Domanda retorica ampia, all’inizio abbiamo una principale che è totalmente ellittica. Un pronome relativo che
introduce in realtà una proposizione dichiarativa, pronome relativo che funge da accusativo di relazione: quid, quod
per riprodurre una domanda in latino è una forma ricorrente.

Dicuntur: si dice

Medea è già pronta alla fuga via mare, però dice di pesarci bene.

Da un punto di vista sintattico tutto si appoggio a ‘dicuntur’

Mondi che si scontrano in mezzo al mare: nescioqui: non so quali monti, aggettivo indefinito, prima parte verbale ma
il valore verbale quasi non si percepisce.

In undis: iperbato e anastrofe

Ovidio qui fa il poeta alessandrino, colto, si ispira a questo modo di fare poesia che prevede che il poeta sia anche un
erudita, che sia a conoscenza di una serie di notizie, anche geografiche, anche se qui si parla di geografia mitica.

Non sa bene come si chiamano i mondi perché il nome di questi scogli marini che apparivano all’improvviso era
oggetto di una disputa erudita. Faceva parte di questo modo di fare poesia il fatto di introdurre degli excursus molto
lunghi geografici, scientifici ecc. Medea quindi si pone il problema di queste rocce e un altro problema è Cariddi, il
mostro, Medea si pone il problema di attraversare lo stretto (Cariddi nome greco per presenza dell’aspirata e della y),
Cariddi risucchia il mare in un vortice e poi ributta fuori l’acqua e crea delle correnti minacciose; dall’altro lato c’è Scilla
che viene rappresentata da Omero come un mostro circondato da cani feroci che rappresentano il rumore, in realtà
è il rumore del mare tempestoso.
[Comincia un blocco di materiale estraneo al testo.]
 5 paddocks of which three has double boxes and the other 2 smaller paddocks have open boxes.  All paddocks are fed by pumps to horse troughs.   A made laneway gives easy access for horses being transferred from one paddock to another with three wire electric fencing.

E’ ‘rapax’: rapace, perché è in grado di portare via le navi.

Profundo: dativo particolare, abissi di Sicilia. È in principio un aggettivo che vuol dire ‘senza fondo’, adatto quindi ad
indicare l’abisso. Raramente profundo ha una connotazione positiva, per gli antichi è qualcosa di estremamente
negativo: qualcosa che non si vede.

Vv. 66 68
Abbracciano colui che amo e restando attaccata tra le braccia di Giasone, andrò per i vasti flutti; abbracciata a lui non
avrò paura di nulla, o se l’avrò, l’avrò solo per il mio compagno.
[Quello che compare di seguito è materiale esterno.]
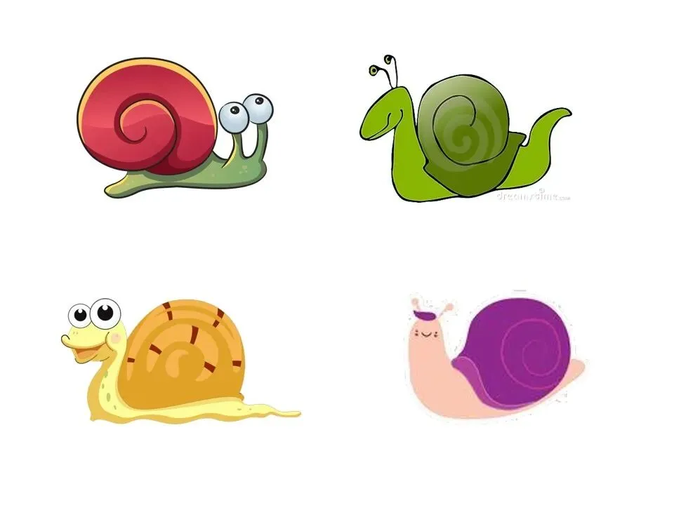 (让幼儿自由讲述,发现蜗牛的基本特征和组成部分。)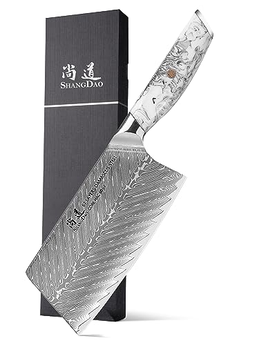 SHANGDAO 18 cm slaktkniv, professionell kinesisk kockkniv, bläcksmidd damaskusstål och harts tvätthandtag - full tagg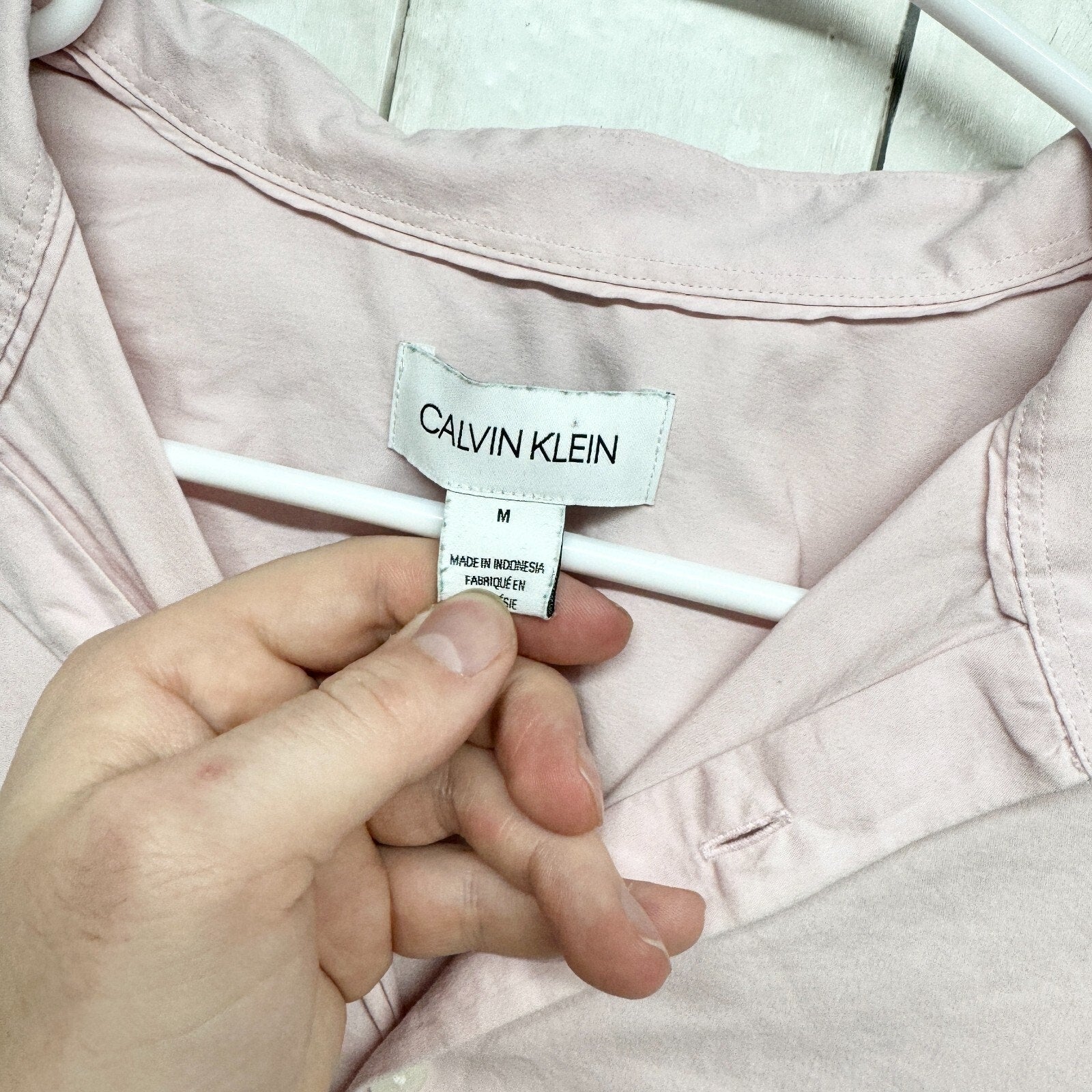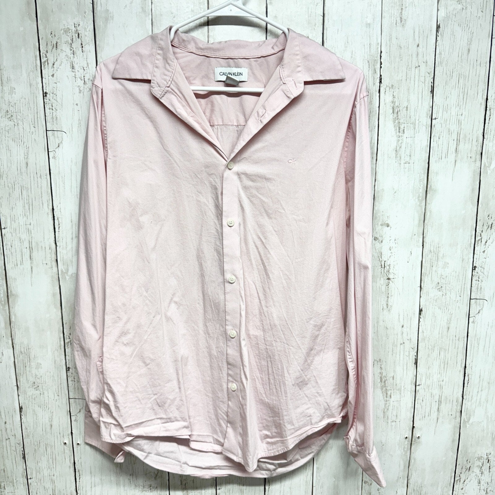 CLAVIN KLEIN Shirt Mens Size M Button Up Light Pink Long Sleeve Spread Collar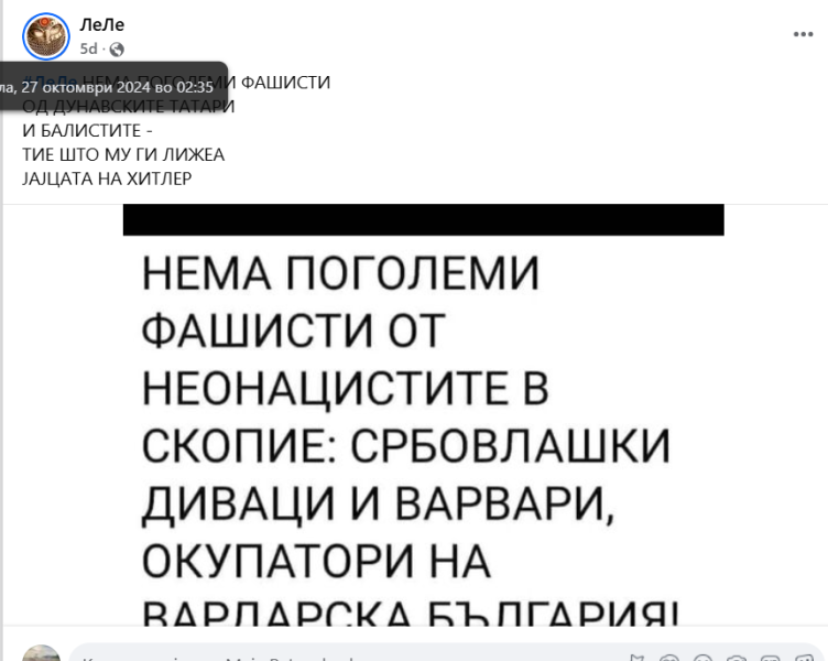 На ден 27.10.2024 година, во 02:35 часот, објавен е говор на омраза врз основа на етничка и национална припадност, како фејсбук објава на фејсбук страната @ЛеЛе @. Во фејсбук објавата пишува: „#ЛеЛе НЕМА ПОГОЛЕМИ ФАШИСТИ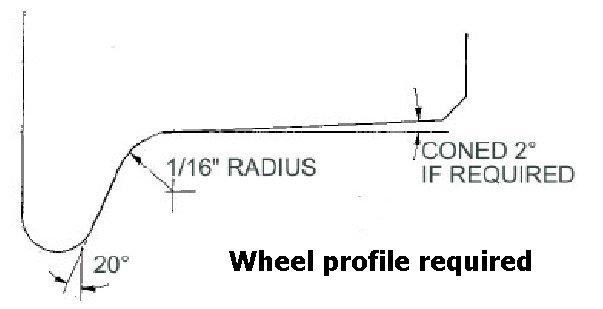 Have ground up a tool to put the wheel profile on the tread in accordance with the local society requirements which is indicated in the adjacent picture. The dimensions of the profile will need to be carefully checked as I do not want to go wrong after so much has been done to the wheel blanks so far - about 1 hour's work on each including the 30 minutes to cut it from the stock steel!

-Dopo aver immaginato il viaggio spaventoso, Medea si consola pensando che farà questo viaggio attaccata a
Giasone, viene fuori la sicurezza di Medea maga che sa di poter contare sul suo potere

Quod amo: ciò che io amo, l’oggetto d’amore, l’antecedente di questo neutro relativo è sottinteso (ID sottinteso)

Amplexa: da amplector, participio

Vv. 69-73
Auto allocuzione, Medea si rivolge a se stessa.
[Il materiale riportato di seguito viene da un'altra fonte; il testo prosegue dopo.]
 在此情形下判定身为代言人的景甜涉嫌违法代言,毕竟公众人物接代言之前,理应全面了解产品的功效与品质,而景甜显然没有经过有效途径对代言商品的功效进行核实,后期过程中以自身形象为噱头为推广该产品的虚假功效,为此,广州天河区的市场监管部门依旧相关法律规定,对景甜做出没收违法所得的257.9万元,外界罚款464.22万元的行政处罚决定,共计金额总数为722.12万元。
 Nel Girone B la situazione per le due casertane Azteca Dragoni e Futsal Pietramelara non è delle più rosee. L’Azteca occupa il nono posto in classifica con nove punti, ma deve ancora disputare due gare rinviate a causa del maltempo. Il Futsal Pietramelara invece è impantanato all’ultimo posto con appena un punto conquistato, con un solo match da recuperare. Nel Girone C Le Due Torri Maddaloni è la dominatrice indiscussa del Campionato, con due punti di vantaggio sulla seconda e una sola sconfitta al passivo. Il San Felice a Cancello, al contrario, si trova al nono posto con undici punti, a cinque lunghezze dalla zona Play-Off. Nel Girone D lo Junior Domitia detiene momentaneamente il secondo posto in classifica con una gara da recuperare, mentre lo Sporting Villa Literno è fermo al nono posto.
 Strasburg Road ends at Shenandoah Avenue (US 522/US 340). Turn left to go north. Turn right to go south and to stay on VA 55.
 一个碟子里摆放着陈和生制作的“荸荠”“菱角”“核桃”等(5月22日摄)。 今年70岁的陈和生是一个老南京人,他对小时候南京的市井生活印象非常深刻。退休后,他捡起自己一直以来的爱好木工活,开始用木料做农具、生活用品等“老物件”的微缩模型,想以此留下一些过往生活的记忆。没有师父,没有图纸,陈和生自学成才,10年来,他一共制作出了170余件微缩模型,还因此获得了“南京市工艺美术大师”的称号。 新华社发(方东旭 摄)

Abbiamo una proposizione interrogativa, è introdotta da NE enclitico (coniugiumNE), serve a dare un’intonazione
interrogativa.

Speciosus: aggettivo per indicare qualcosa di bell’aspetto, c’è sempre implicita l’idea che questa apparenza
accattivante corrisponda alla bellezza ma non necessariamente lo e, speciosus nomina: eufemismo, chiamo una parola
in un certo modo ma in realtà per attenuare qualcosa che non è, in questo caso “chiami matrimonio un qualcosa che
in realtà è una colpa”

Quantum: quanto grande, aggettivo, introduce una proposizione interrogativa indiretta, adgrediare è una forma di
congiuntivo indiretto, è seconda persona singolare passiva; adgredior è un verbo deponente: avviarsi verso qualcosa,
intraprendere qualcosa.

Nefas: paragonabile al nostro termine tabù

Rectum: neutro sostantivato, il rispetto

Pudor: qualcosa che dipende dal giudizio altrui, a differenza della verecundia che è quando ci si vergogna di qualcosa
indipendentemente dagli altri, il pudor è il riflesso di un giudizio negativo esterno.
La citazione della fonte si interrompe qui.